Kevin Sanjaya lulus dengan gelar dokter tapi diremehkan.bahkan di anggap tidak berguna karena keahlian yg di pelajarinya sudah ketinggalan zaman, dan tak berguna di dunia medis pada era Moderen! Tak di sangka, karena keberuntungan, dia mendapatkan Jantung meteorid dan buku kitab medis surgawi yang di tinggalkan kakekNya sebagai warisan keluarga. Dengan mempelajari buku kitab medis surgawi dan di topang dengan jantung meteorid, kekuatan medis dan tingkat beladiriNya melampaui imajinasinya. Sehingga dia bisa merubah nasibNya menjadi dokter medis hebat dengan keahlian pertarungan yg tak terkalahkan.
Karya ini diterbitkan atas izin NovelToon Kenjiro Dominic, isi konten hanyalah pandangan pribadi pembuatnya, tidak mewakili NovelToon sendiri
Bab 4 : Dokter Bodoh
Nama Albert Wijaya sangat terkenal di Kota Jaya.
Ia adalah seorang tokoh besar yang memiliki grup perusahaan raksasa.

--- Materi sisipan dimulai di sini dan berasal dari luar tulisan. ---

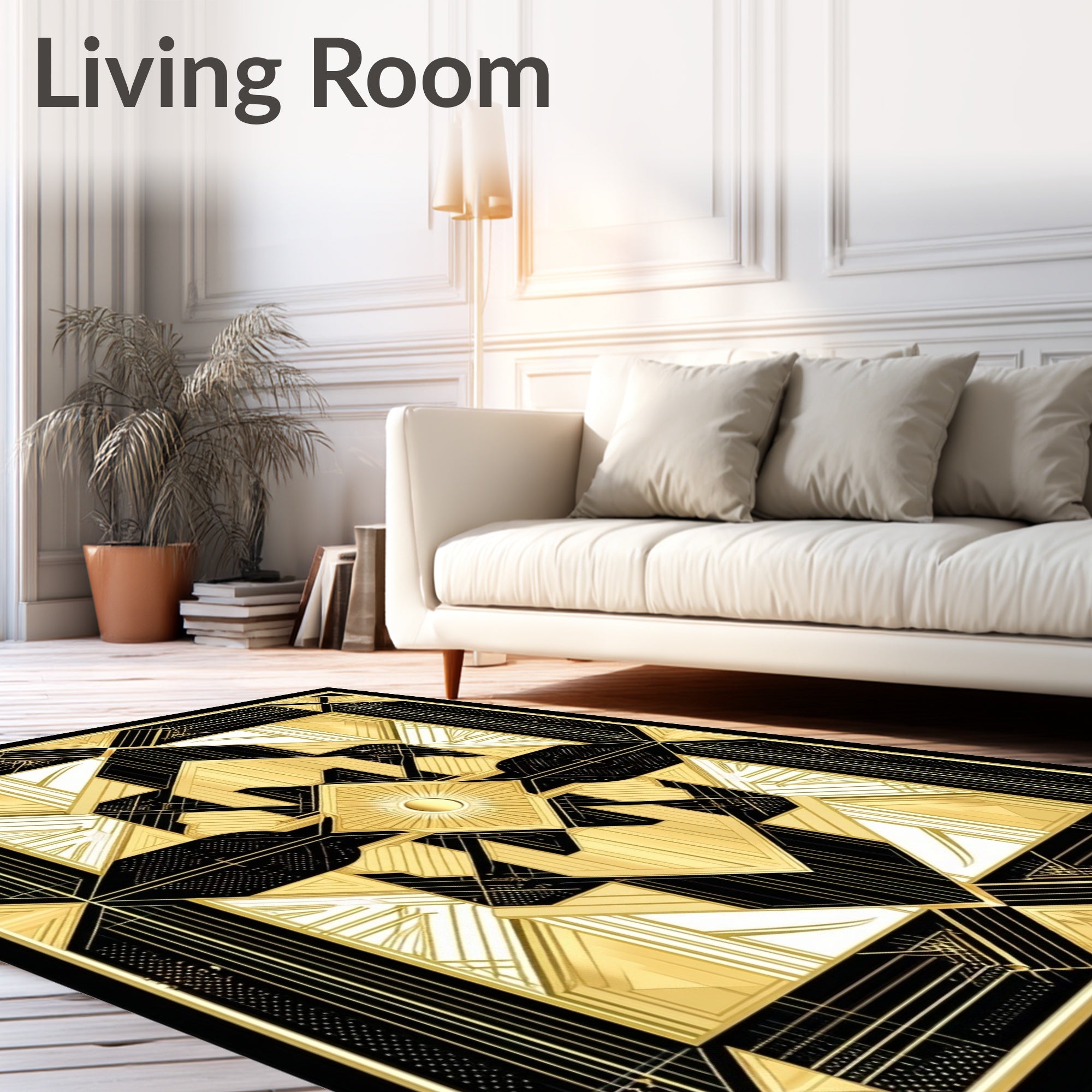 Ultra Soft Area Rug, Non Slip, Stain Resistant, Washable Area Rugs for Living Room, Bedroom, Art Deco Elegance Gold and Black Geometric(Gold) Overview:
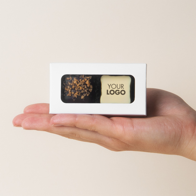 Schenken Sie Ihren Kunden oder Geschäftspartnern mehr als nur Süßigkeiten – präsentieren Sie Ihre Marke auf elegante und einprägsame Weise. Dieses Set aus zwei Pralinen vereint handwerkliche Herstellung, belgische Premium-Schokolade und Personalisierungsmöglichkeiten, mit denen Sie eine Botschaft kreieren können, die perfekt zu Ihren Geschäftszielen passt.Jede Praline wird in unserer Chocolissimo-Manufaktur von Hand hergestellt – mit Liebe zum Detail, Frische und Qualität. Samtige weiße Schokolade, eine zarte Füllung und ein essbarer Aufdruck mit Ihrem Logo, Ihrer Grafik oder Ihrem QR-Code sind das Rezept für einen einheitlichen, modernen und effektiven Träger Ihres Markenimages.

Setiap tahun, pajak yang dibayarkan perusahaannya mencapai puluhan miliar.
Orang dengan status seperti itu tentu memiliki pengaruh yang luar biasa.
Sedangkan Misela Wijaya...
Adalah putri kesayangannya.
Sejak kecil, kondisi kesehatan Misela memang kurang baik. Hampir semua dokter senior di rumah sakit mengetahui hal tersebut.
Karena itulah, ketika Bram melihat Kevin menempelkan jarinya di dada Misela, ia langsung marah besar.
Kevin mengerutkan kening.
Namun ia tetap menjelaskan dengan serius,
"Saya benar-benar tidak bisa melepaskan tangan saya."
"Kalau saya lepaskan, dia akan kembali mengalami syok."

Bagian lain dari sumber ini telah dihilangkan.